P-K POMs for January, February, and March:

Serious racing by P-Kers generally slows to a crawl in January, as nearly everyone is busy rebuilding from the long fall racing season. Nevertheless, online athlete Kevin Coffey managed a very fine mid-winter 8k of 24:56 at the Kingston Road Runners Resolution Run (well below his personal best of 25:52, even allowing for a slight deviation which shortened the traditional Fort Henry course by 150-odd meters). Congrats to Kevin on his first POM win!

February saw a few of us hit the indoor track, but the racing scene was still quiet, as it usually remains at this time of year. A bright spot, and the February POM winner, was junior Adrienne Morgan's breakthrough 3k of 10:25, finally erasing her stubborn 10:36 from almost two year earlier. This result represented Adrienne's return to form after a couple of years of minor injury setbacks. Congrats to Adrienne on her second ever POM win (the last one being for her old 3k best).

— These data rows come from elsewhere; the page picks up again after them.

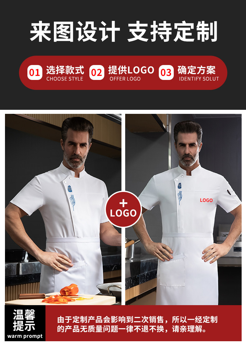 餐饮厨师工作服定制印LOGO男春夏短袖餐厅饭店后厨房烘焙套装长袖
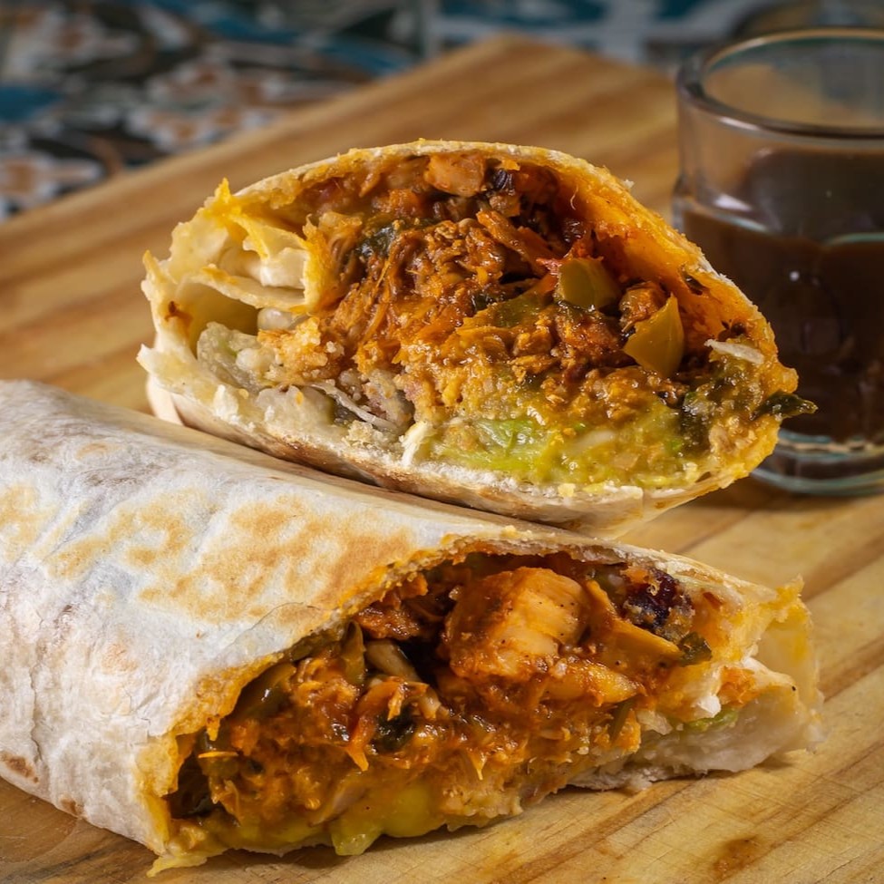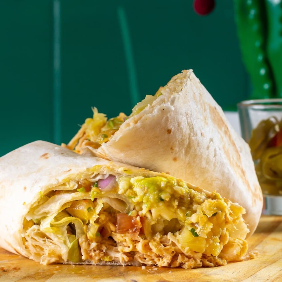 Tortilha de trigo recheada com frijoles refritos, frango em tiras temperado, mussarela, sour cream, pico de gallo, guacamole, alface e farofa de bacon. Burrito de 350 gramas (aproximadamente) + um molho à sua escolha de brinde! (40 ml aproximadamente).
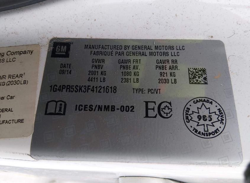 - VIN: 1G4PR5SK3F4121618
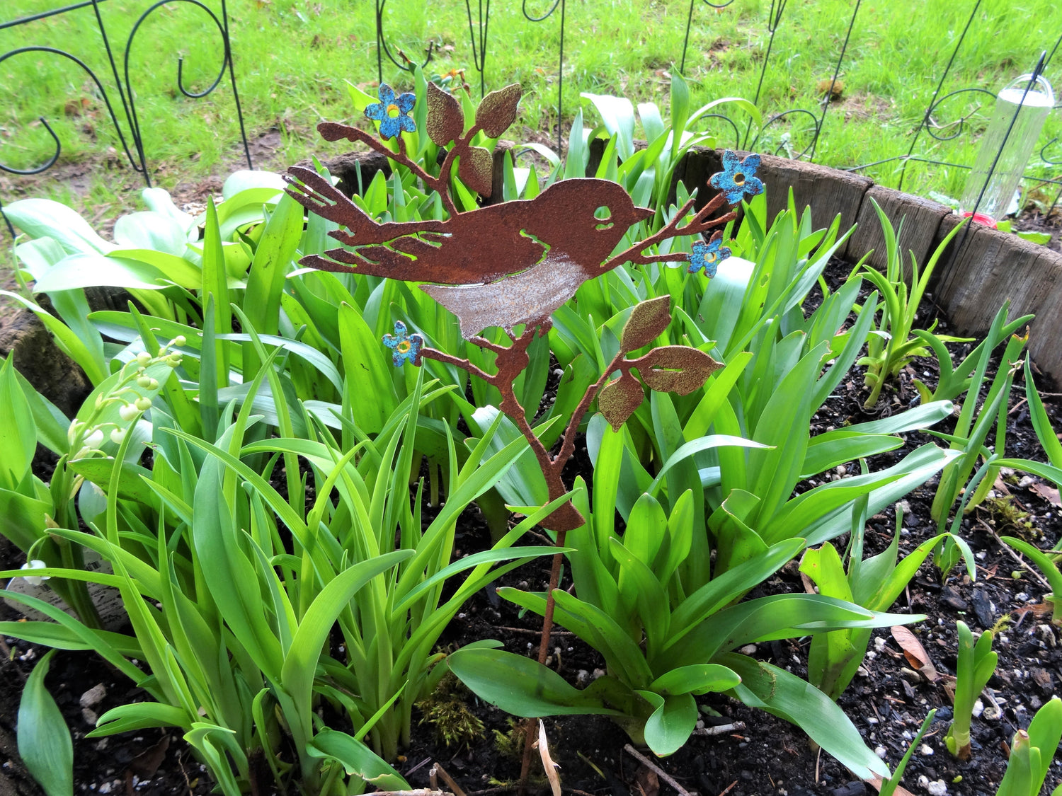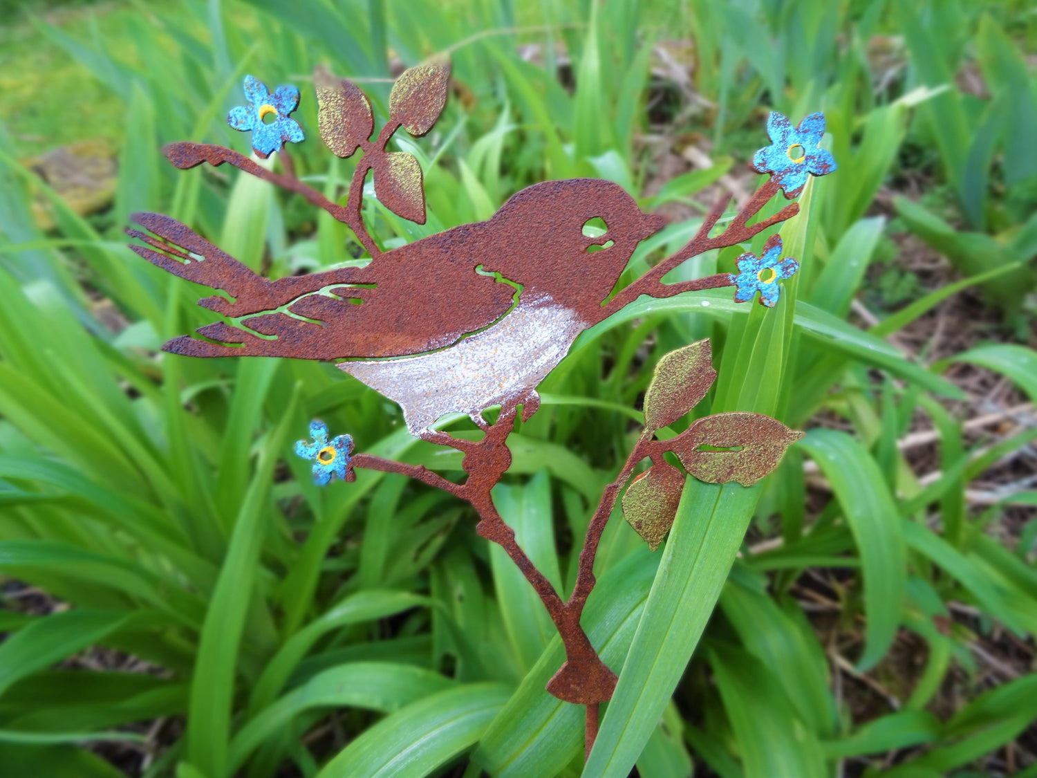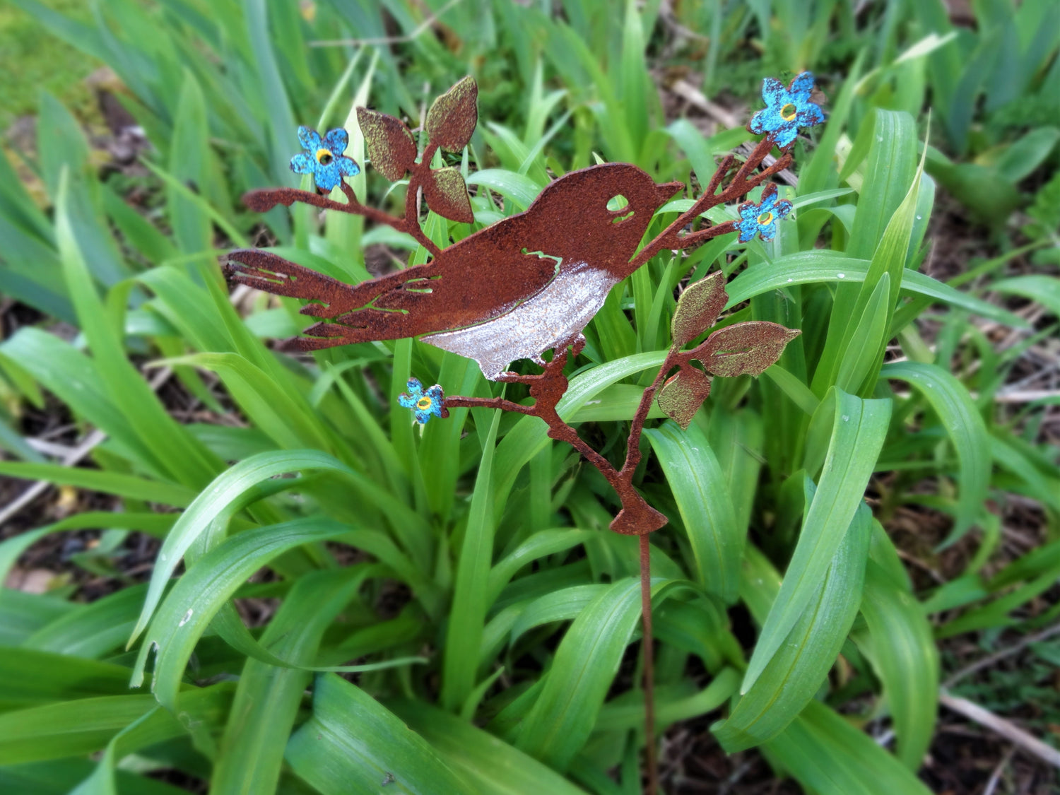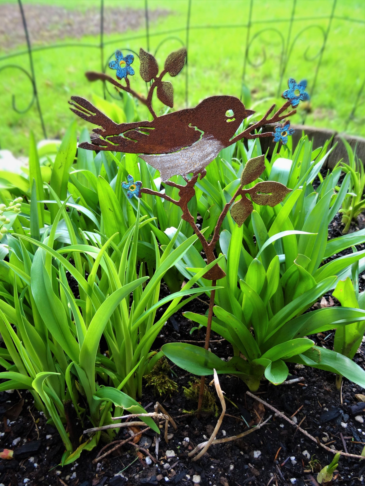 The Warbler with Flower Stake is made of recycled steel and pre-treated to create our signature rusted texture and natural look. It also features hand-painted details which highlight the iconic bright blue color of the forget-me-not flower, as well as shading on the leaves and the warbler’s chest.
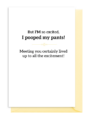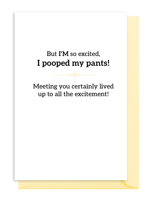 Everyone’s excited, but the baby’s excited enough to poop their pants! This newborn card delivers a hilarious take on the big meeting. It’s the perfect funny card for new parents with a great sense of humor. Celebrate the mess—it lived up to the excitement!
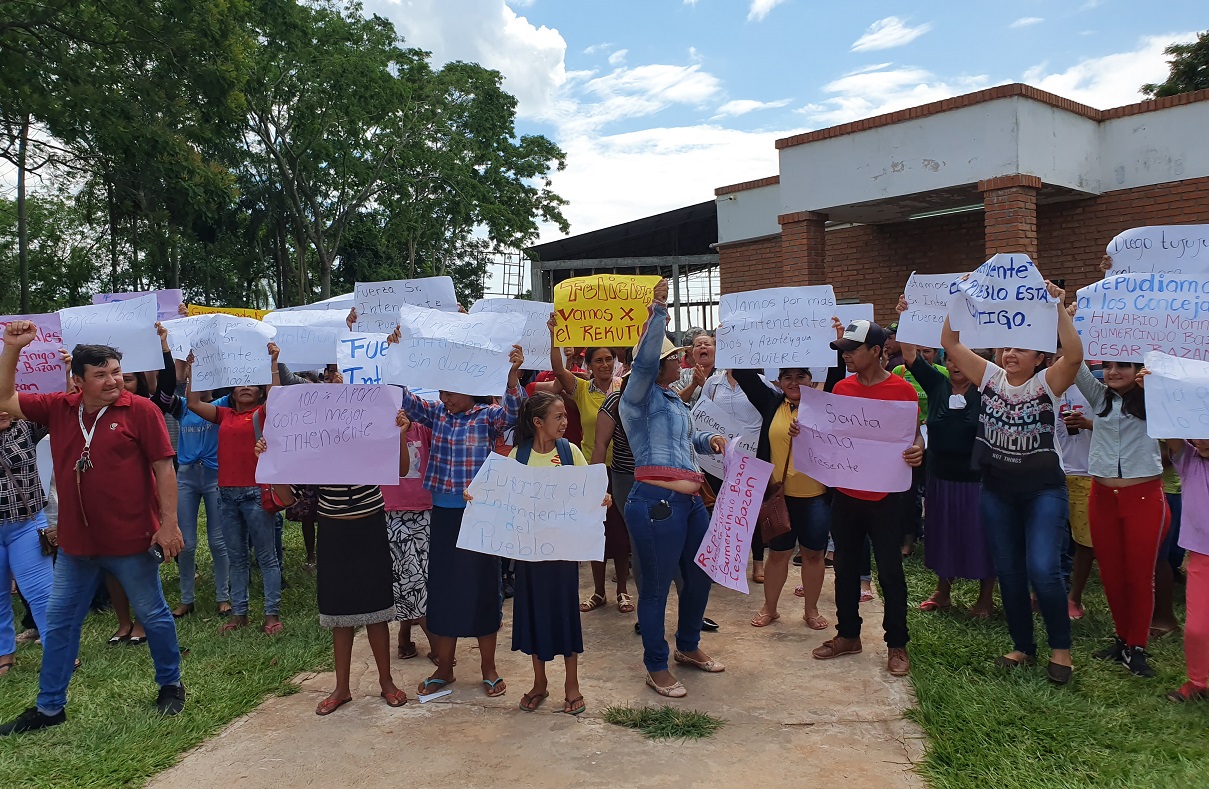 Los ciudadanos indignados se manifestaron ayer frente al local municipal apoyando el pedido de intervención realizado por la Junta Municipal al Ministerio del Interior el 6 de diciembre de este año. Repudiaron la actitud del jefe comunal, que en todo momento manejó la administración a su manera pagando millones de guaraníes por obras inexistentes o mal ejecutadas. La junta rechazó la ejecución presupuestaria del segundo cuatrimestre y elevó el pedido de intervención con documentos respecto a la ejecución presupuestaria de este año.

March, wintry as it was, saw the opening of the road racing season for club members. Only the aforementioned Kevin Coffey seemed to have been unhindered by the months long terrible training weather. In the dark of January and February, Kevin had run prodigious numbers of kms in preparation for a breakthrough performance at the historic Around the Bay 30k. In the end, his aim was true. Hoping for a time in the 1:41-42 range, Kevin delivered an outstanding 1:39:20, passing the HM mark in a personal best. Congrats to Kevin for a performance that looks set to contend for POY when the snow flies again next January.